- Wang in 2019

Member of the Chinese People's Political Consultative Conference
- In office March 1978 – March 1988

Personal details
- Born: Ong Boen Kao 22 November 1933 Surakarta, Dutch East Indies
- Died: 25 December 2022 (aged 89) Beijing, China

= Wang Wenjiao =

Indonesian-born Chinese badminton player and coach (1933–2022)

Wang Wenjiao (王文教; 22 November 1933 – 25 December 2022) was an Indonesian-born Chinese badminton player and coach known as the "Godfather" of Chinese badminton. After winning a number of national championships in the 1950s, he served for 21 years as head coach of the China national men's badminton team, which under his leadership won 56 individual world titles as well as four Thomas Cups (1982, 1986, 1988, and 1990). He was conferred the Lifetime Achievement Award by the Badminton World Federation in 2014, and became the first sportsperson to receive the national title of "People's Role Model" in 2019.

== Early life and playing career ==
Wang was born in 1933 in Surakarta (Solo), Dutch East Indies (now Indonesia), to an ethnic Chinese family with ancestral roots in Nan'an, Fujian. He played badminton from childhood, and became a star player in Indonesia by the 1950s.

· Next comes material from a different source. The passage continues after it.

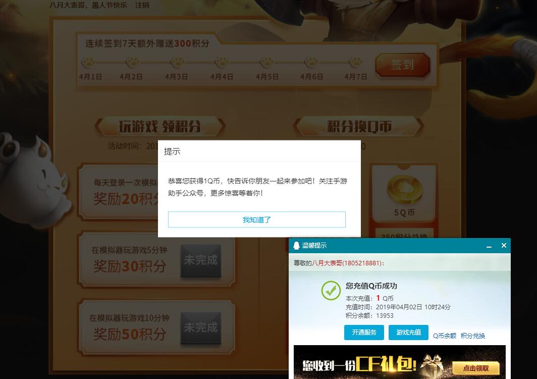 腾讯手游助手每天撸1Q币,完成左边的任务得100积分

In 1953, Wang visited the newly established People's Republic of China (PRC) as a member of Chinese-Indonesian sports delegation. He later recalled that China's standard of badminton was so low that he was able to defeat the national champion 15–0. After the trip, Wang and his friend Chen Fushou decided to move to China in 1954 to develop the sport in their ancestral country. The duo helped establish the Fujian provincial badminton team, the first badminton team in the PRC, in December 1956. More than 20 other provinces subsequently established badminton teams because of Wang's efforts. Wang and Chen also wrote the first badminton textbook in China, which was published in 1957. During the 1st National Games of China in 1959, they won the men's doubles gold medal. He won a number of other national championships between 1956 and 1959, but retired as a player in the 1960s owing to injury.

== Coaching career ==
After retirement from playing, Wang focused on coaching and was appointed the head coach of the China national badminton team in 1972. His early trainees included Tang Xianhu, Hou Jiachang, and Fang Kaixiang, who were highly successful in Asian tournaments and friendly matches against European players, but were unable to participate in international tournaments as the PRC was not affiliated with the International Badminton Federation (IBF) at the time.

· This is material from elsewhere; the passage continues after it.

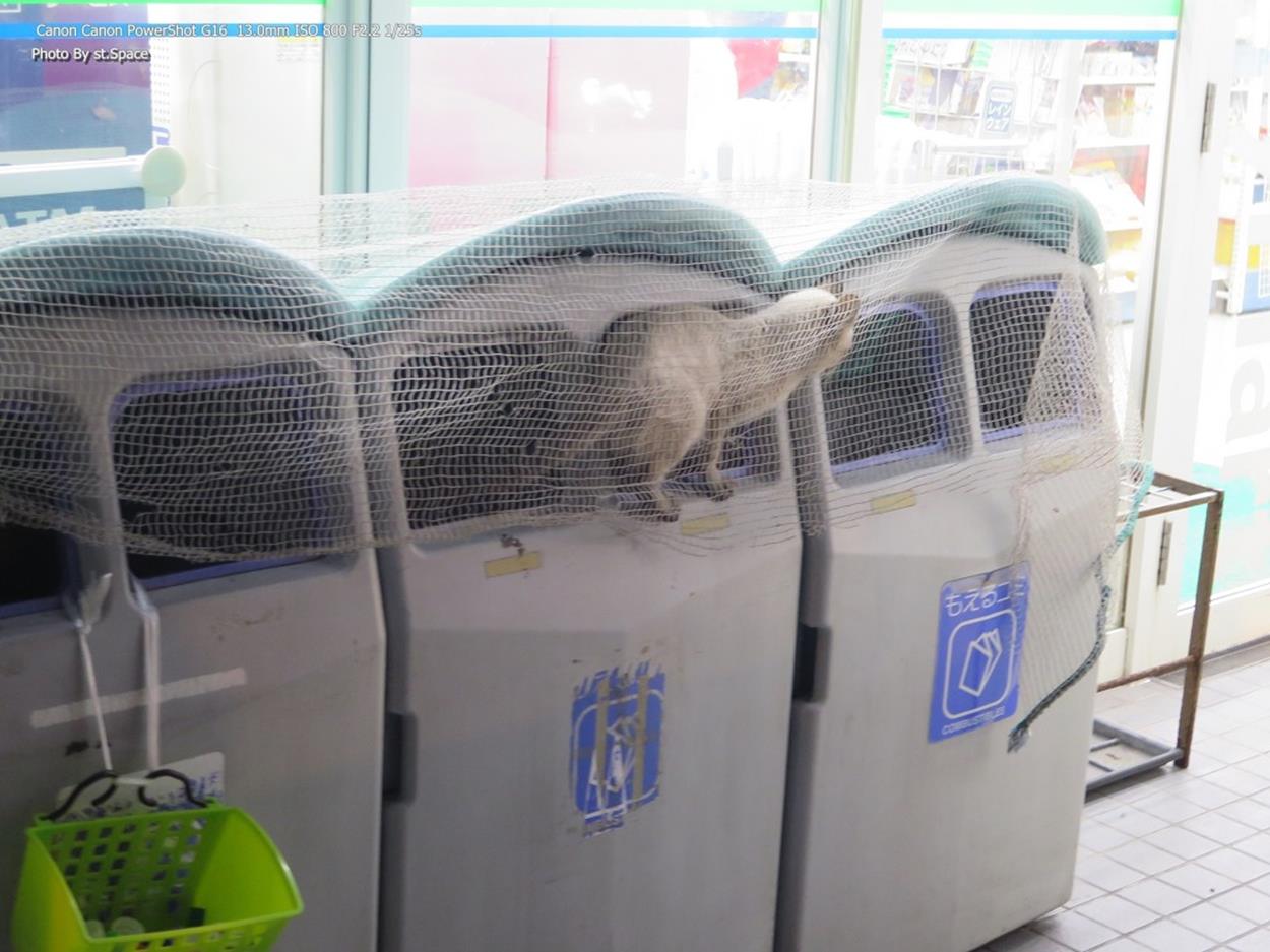편의점 투어를 마치고 나왔더니, 편의점 쓰레기통에 저렇게 그물이 쳐져 있다.

Once China joined the IBF in the early 1980s, Wang immediately coached the Chinese men's team to win their first Thomas Cup in 1982. He later recalled the championship as one of the most unforgettable moments in his career, during which China trailed Indonesia 1-3 after the first day, but came back from behind to win the cup 5-4 on the second day.

In his 21-year-long tenure as head coach, Wang trained many world champions, including Han Jian, Yang Yang, Zhao Jianhua, Xiong Guobao, Li Yongbo, and Tian Bingyi, who altogether won 56 world titles. The Chinese men's team won the Thomas Cup three more times, in 1986, 1988, and 1990, as well as five other world team championships. He retired in 1993.

He was a member of the 5th and 6th Chinese People's Political Consultative Conference and served from 1978 till 1988.

== Personal life and death ==
Wang died on 25 December 2022, at the age of 89, from COVID-19.

== Honours and recognition ==
Wang has been called the "Godfather" of Chinese badminton. For his contributions to the sport, the Badminton World Federation honoured him with the Lifetime Achievement Award in 2014. During 70th anniversary of the People's Republic of China celebrations in September 2019, CCP general secretary Xi Jinping awarded him the national title of "People's Role Model". He was the first sportsperson to receive the honour.